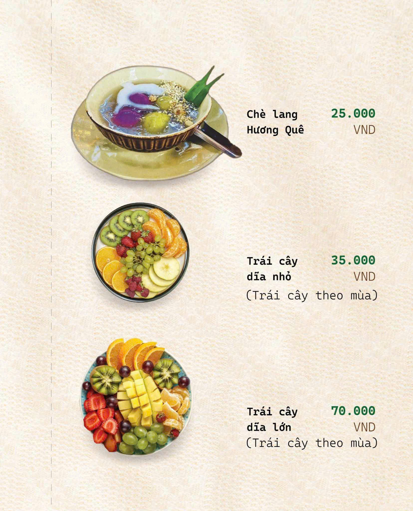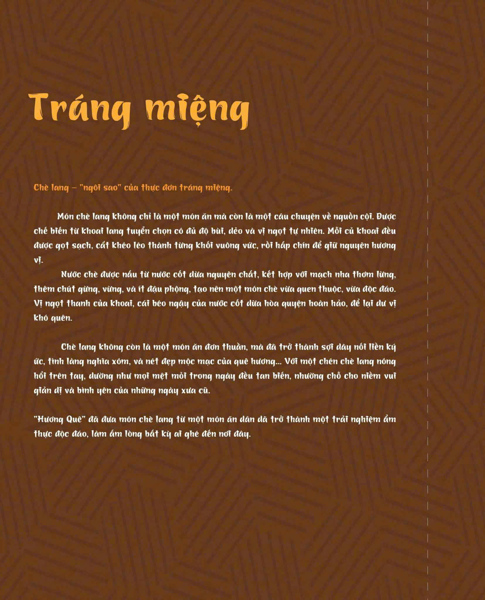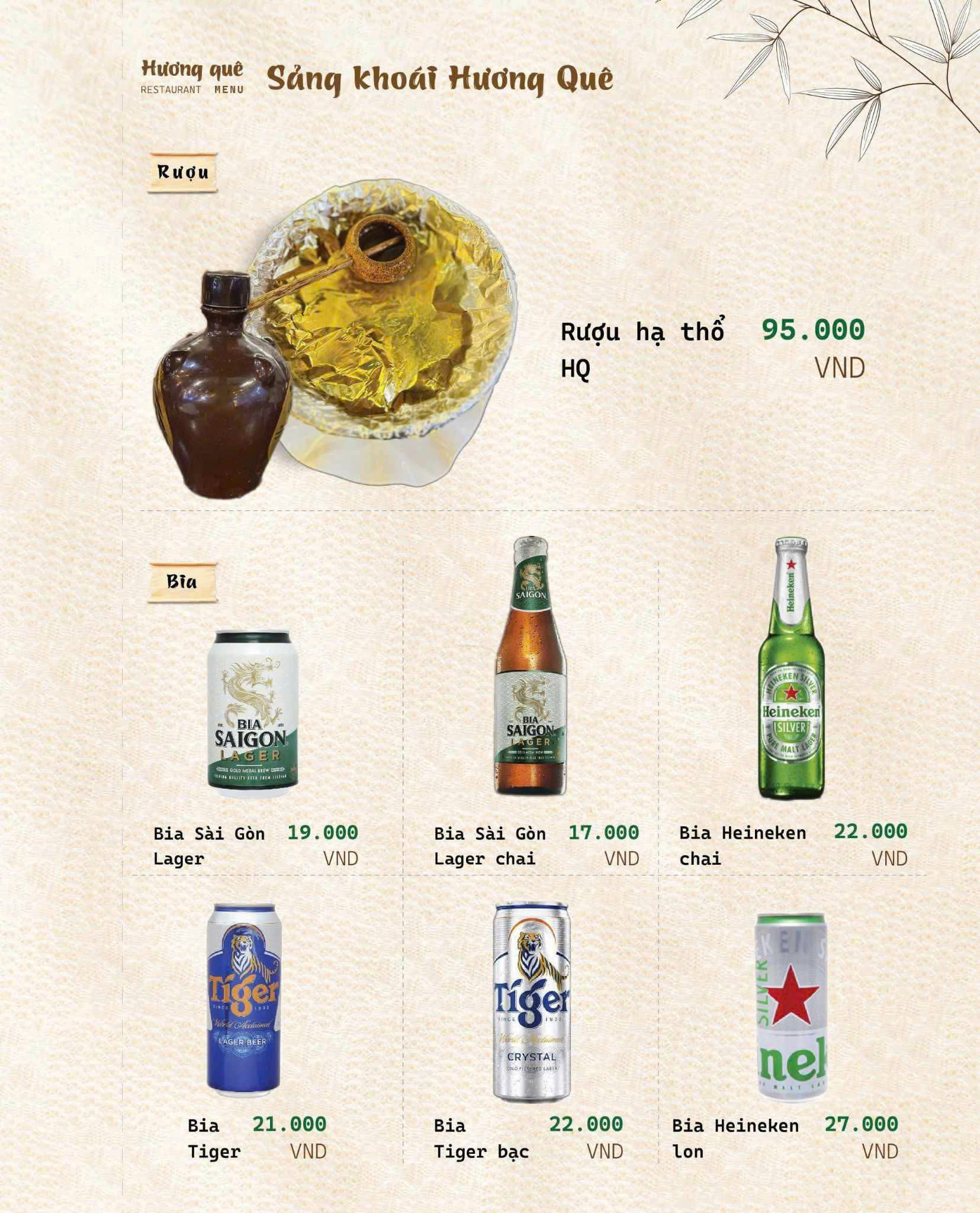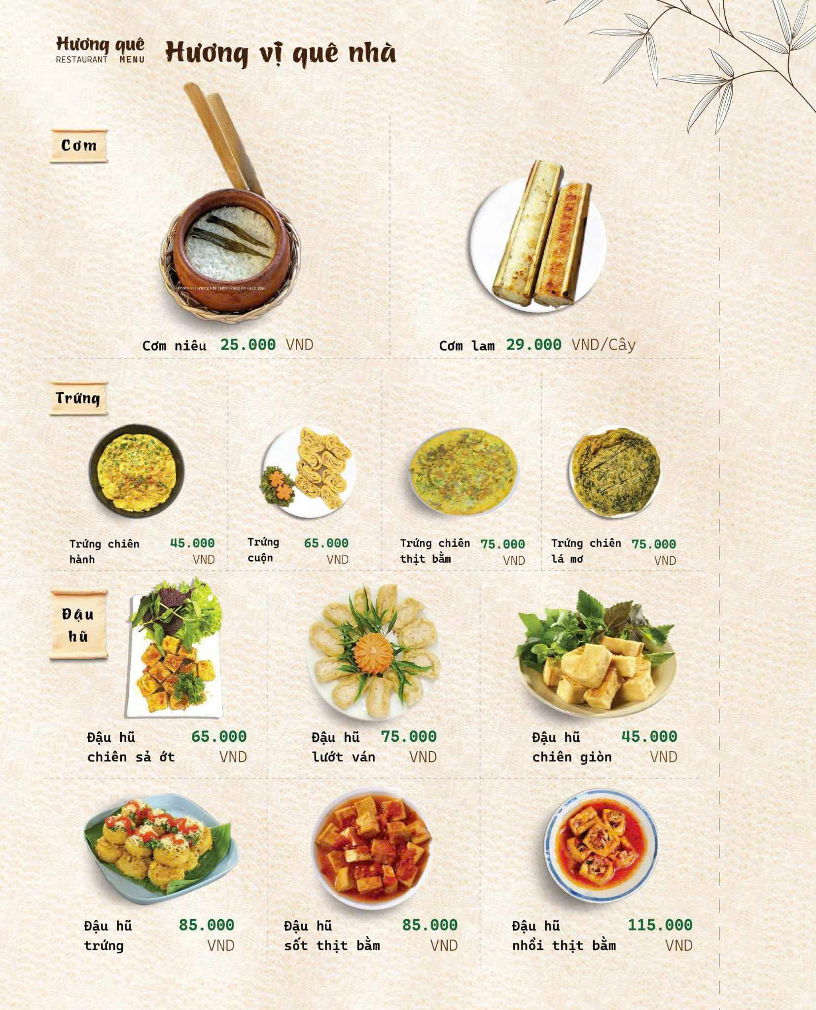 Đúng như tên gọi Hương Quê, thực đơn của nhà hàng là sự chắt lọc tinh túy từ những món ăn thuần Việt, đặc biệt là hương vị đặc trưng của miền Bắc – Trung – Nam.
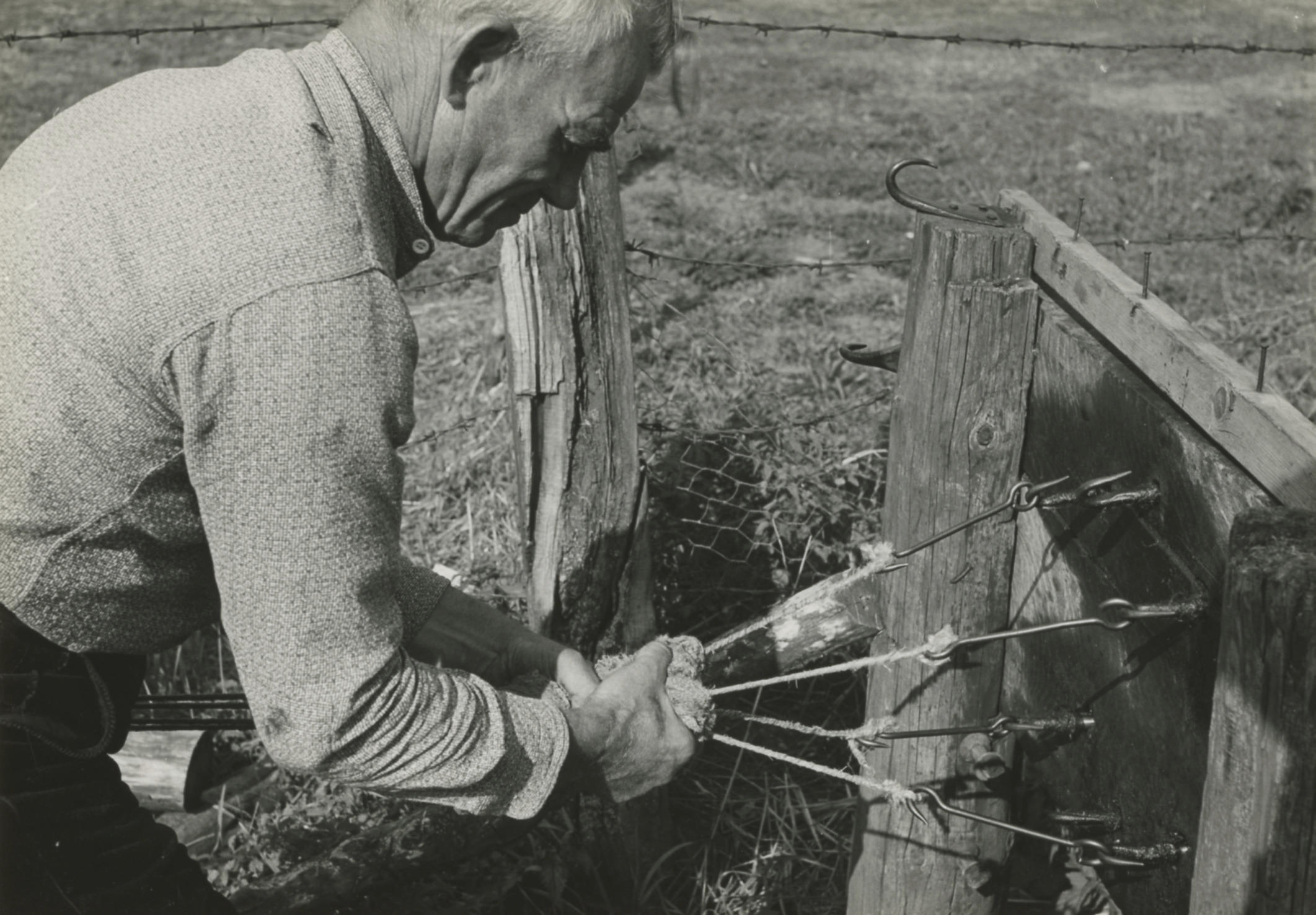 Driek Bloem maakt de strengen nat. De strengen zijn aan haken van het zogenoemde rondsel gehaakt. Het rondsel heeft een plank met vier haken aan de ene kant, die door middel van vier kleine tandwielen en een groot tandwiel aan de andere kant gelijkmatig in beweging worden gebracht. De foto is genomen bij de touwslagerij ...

---

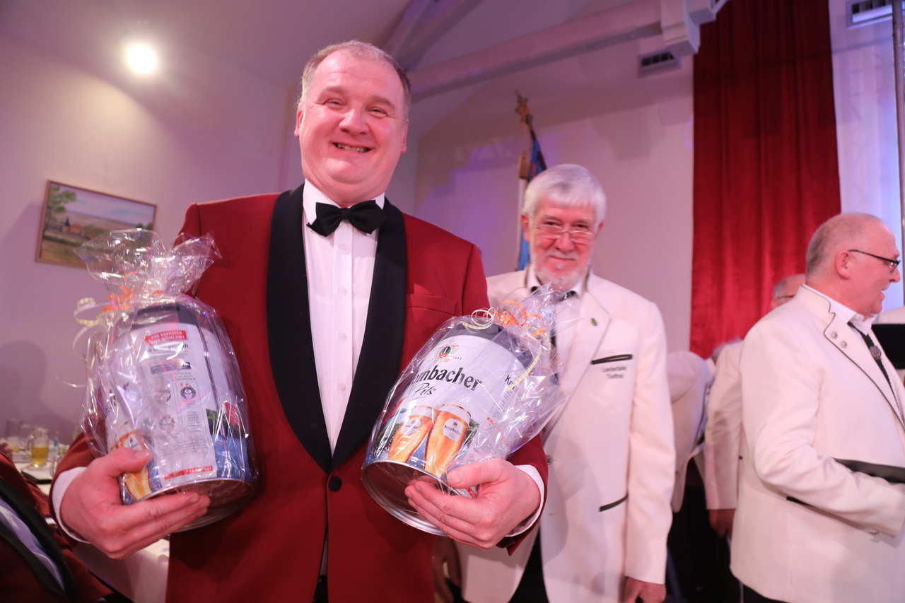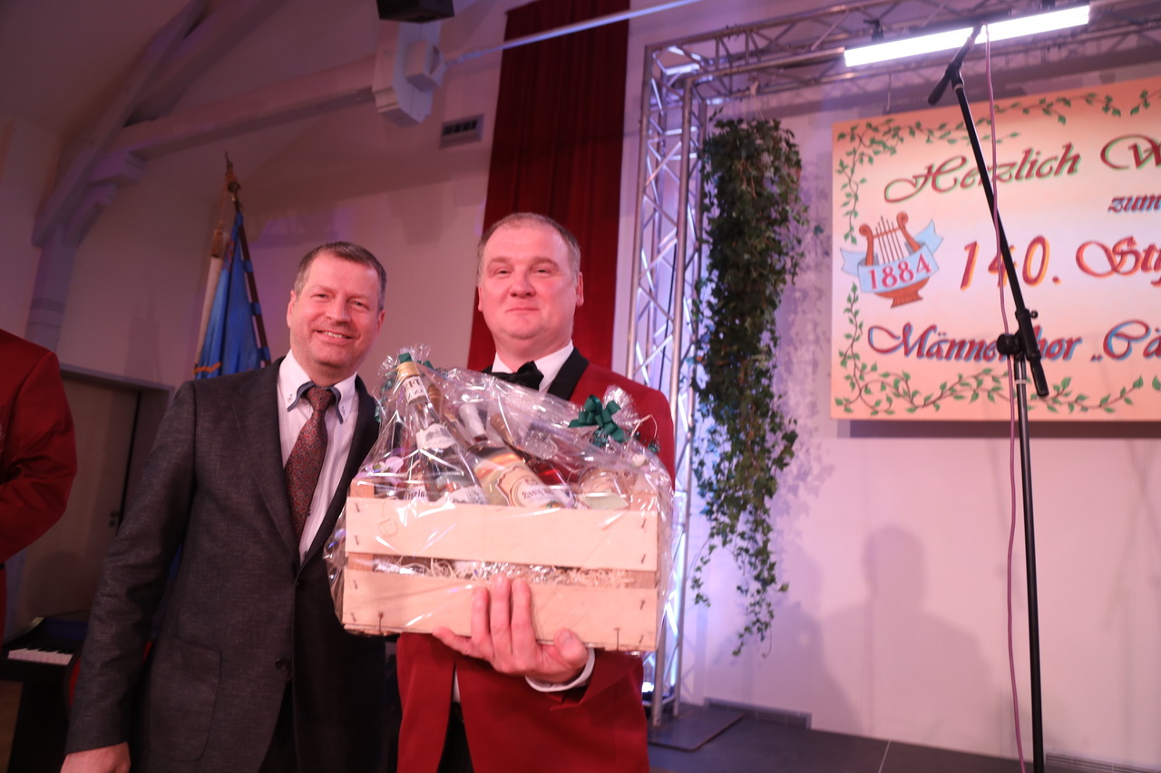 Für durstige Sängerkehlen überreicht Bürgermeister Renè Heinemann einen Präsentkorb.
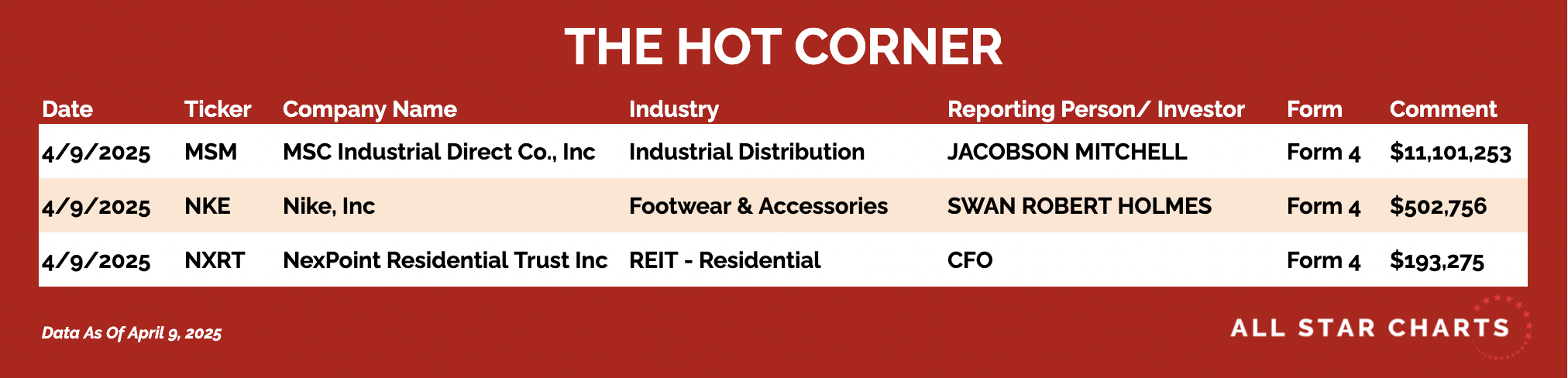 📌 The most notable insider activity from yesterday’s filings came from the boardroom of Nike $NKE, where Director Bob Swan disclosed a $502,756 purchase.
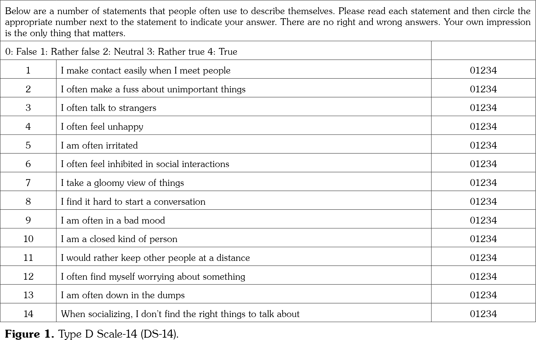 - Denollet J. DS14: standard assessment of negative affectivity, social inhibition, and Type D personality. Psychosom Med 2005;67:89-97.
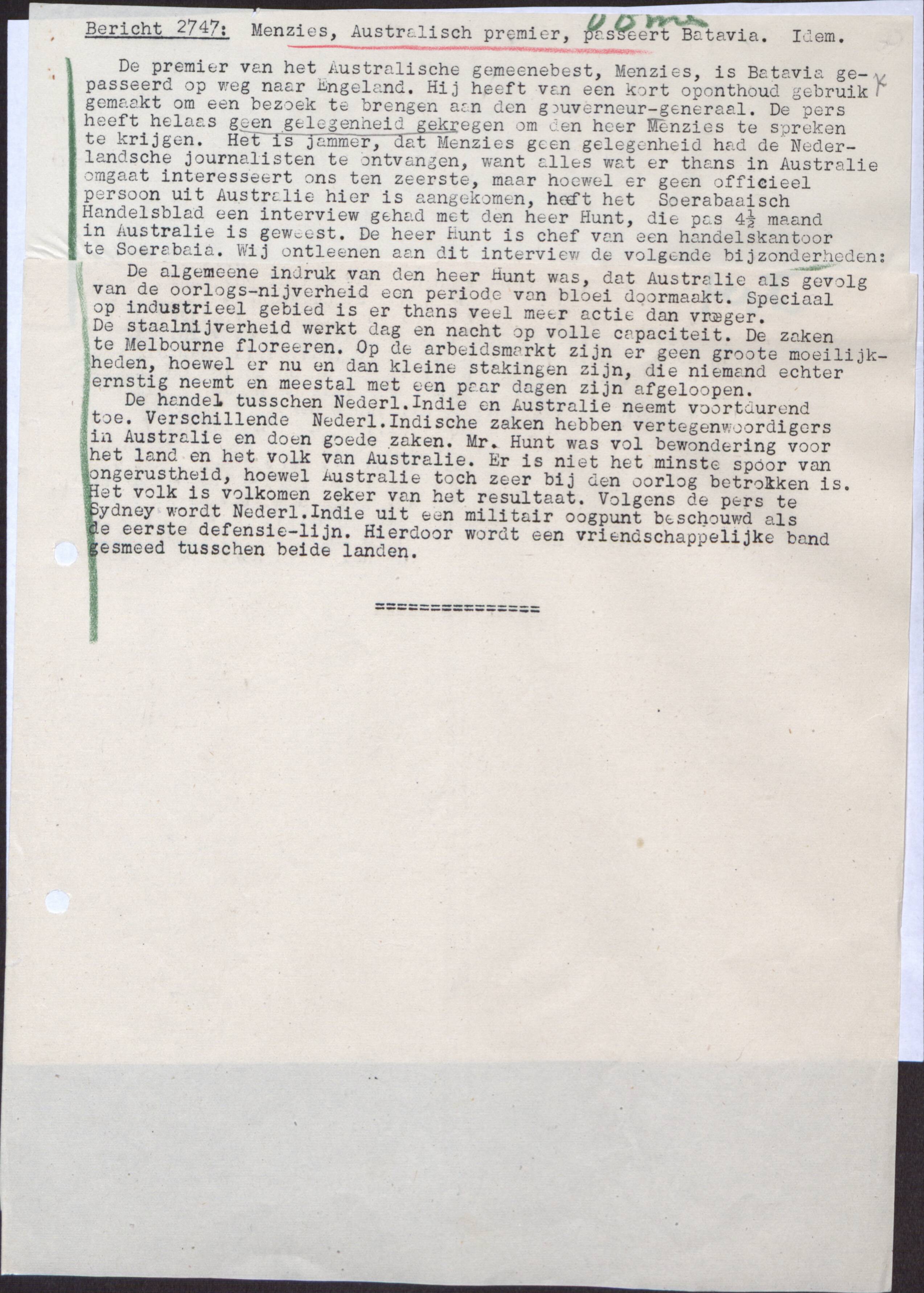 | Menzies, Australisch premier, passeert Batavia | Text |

▶ _TO DO_: After locating the line containing "a $502,756 purchase." in the entries above, return it and every line after it exactly, ending at the line containing "Batavia | Text |", without pictures.

▶ _ANSWER TO THIS EXERCISE_:
 📌 The most notable insider activity from yesterday’s filings came from the boardroom of Nike $NKE, where Director Bob Swan disclosed a $502,756 purchase.
 - Denollet J. DS14: standard assessment of negative affectivity, social inhibition, and Type D personality. Psychosom Med 2005;67:89-97.
 | Menzies, Australisch premier, passeert Batavia | Text |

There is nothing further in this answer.